Problem:
From the material below, copy exactly the lines beginning with the one that contains "主讲人简介:范健,南京大学太" and ending with the one that contains "3 Detection Mode: All"; the pictures stay out.

Stored data:
************

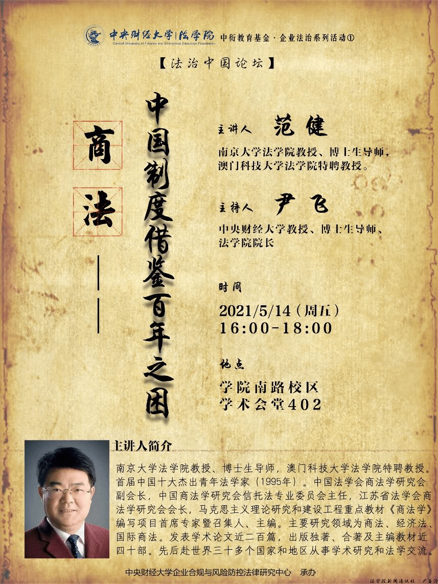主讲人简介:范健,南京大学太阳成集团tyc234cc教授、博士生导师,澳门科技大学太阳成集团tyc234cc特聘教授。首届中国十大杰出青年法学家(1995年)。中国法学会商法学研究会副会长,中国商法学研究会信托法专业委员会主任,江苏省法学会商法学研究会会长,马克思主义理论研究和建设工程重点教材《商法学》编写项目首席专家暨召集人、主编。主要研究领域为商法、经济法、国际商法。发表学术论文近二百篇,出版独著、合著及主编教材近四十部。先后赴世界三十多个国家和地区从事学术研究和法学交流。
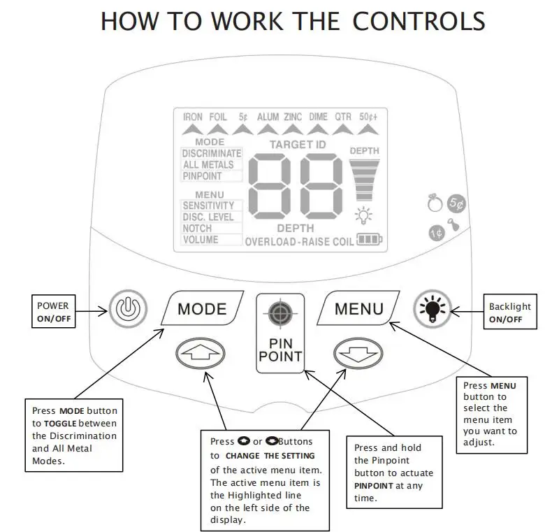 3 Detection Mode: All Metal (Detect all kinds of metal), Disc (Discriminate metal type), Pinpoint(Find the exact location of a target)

************

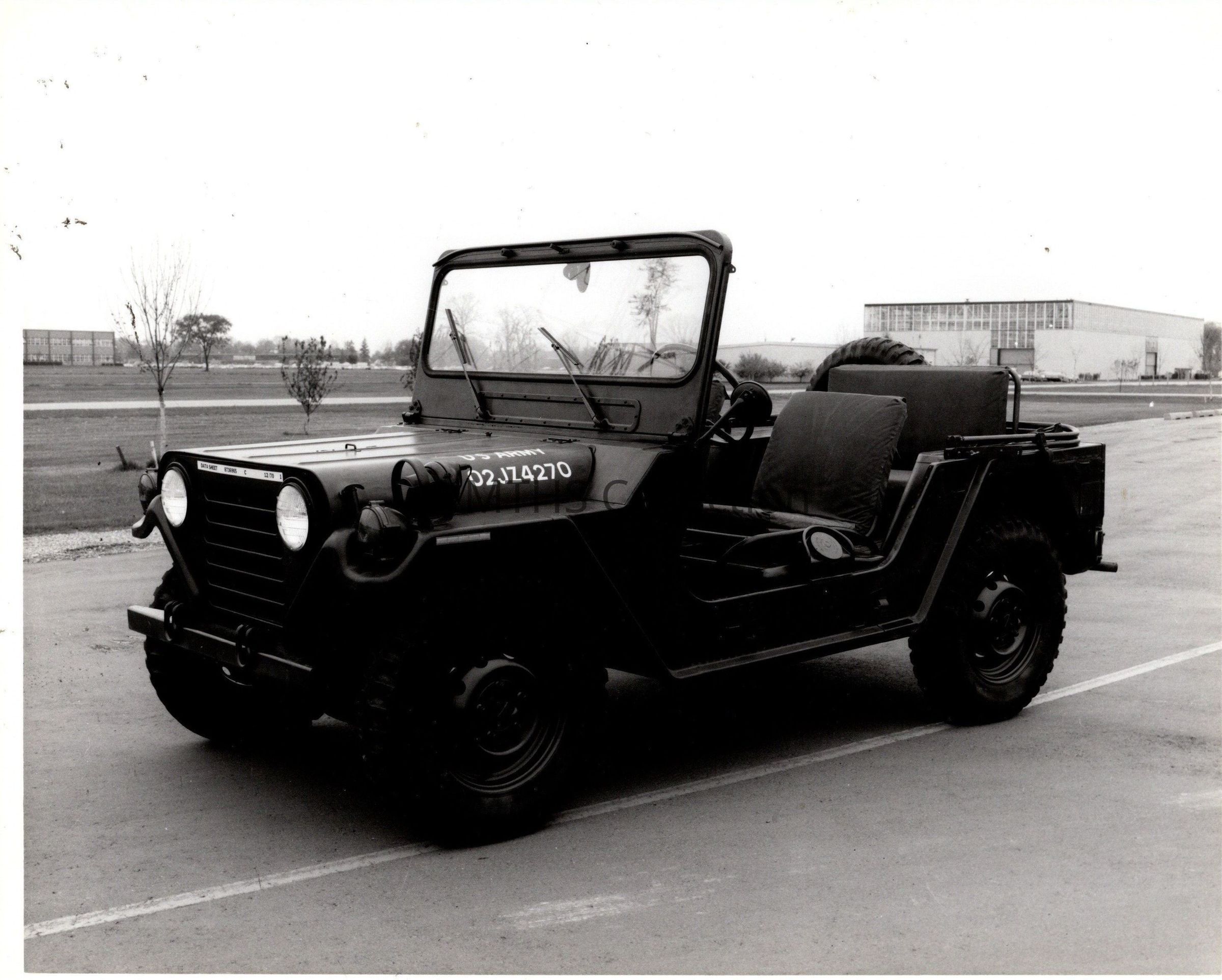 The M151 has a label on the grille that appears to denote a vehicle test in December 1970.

************

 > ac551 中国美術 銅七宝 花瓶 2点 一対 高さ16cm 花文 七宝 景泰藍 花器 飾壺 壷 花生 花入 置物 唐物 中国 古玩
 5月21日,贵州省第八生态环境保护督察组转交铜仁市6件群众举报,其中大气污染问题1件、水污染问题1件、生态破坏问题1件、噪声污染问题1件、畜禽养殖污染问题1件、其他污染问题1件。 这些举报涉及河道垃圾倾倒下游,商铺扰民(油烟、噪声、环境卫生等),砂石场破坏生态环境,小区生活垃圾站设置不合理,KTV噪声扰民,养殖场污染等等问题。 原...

************

Solved exercise:
主讲人简介:范健,南京大学太阳成集团tyc234cc教授、博士生导师,澳门科技大学太阳成集团tyc234cc特聘教授。首届中国十大杰出青年法学家(1995年)。中国法学会商法学研究会副会长,中国商法学研究会信托法专业委员会主任,江苏省法学会商法学研究会会长,马克思主义理论研究和建设工程重点教材《商法学》编写项目首席专家暨召集人、主编。主要研究领域为商法、经济法、国际商法。发表学术论文近二百篇,出版独著、合著及主编教材近四十部。先后赴世界三十多个国家和地区从事学术研究和法学交流。
 3 Detection Mode: All Metal (Detect all kinds of metal), Disc (Discriminate metal type), Pinpoint(Find the exact location of a target)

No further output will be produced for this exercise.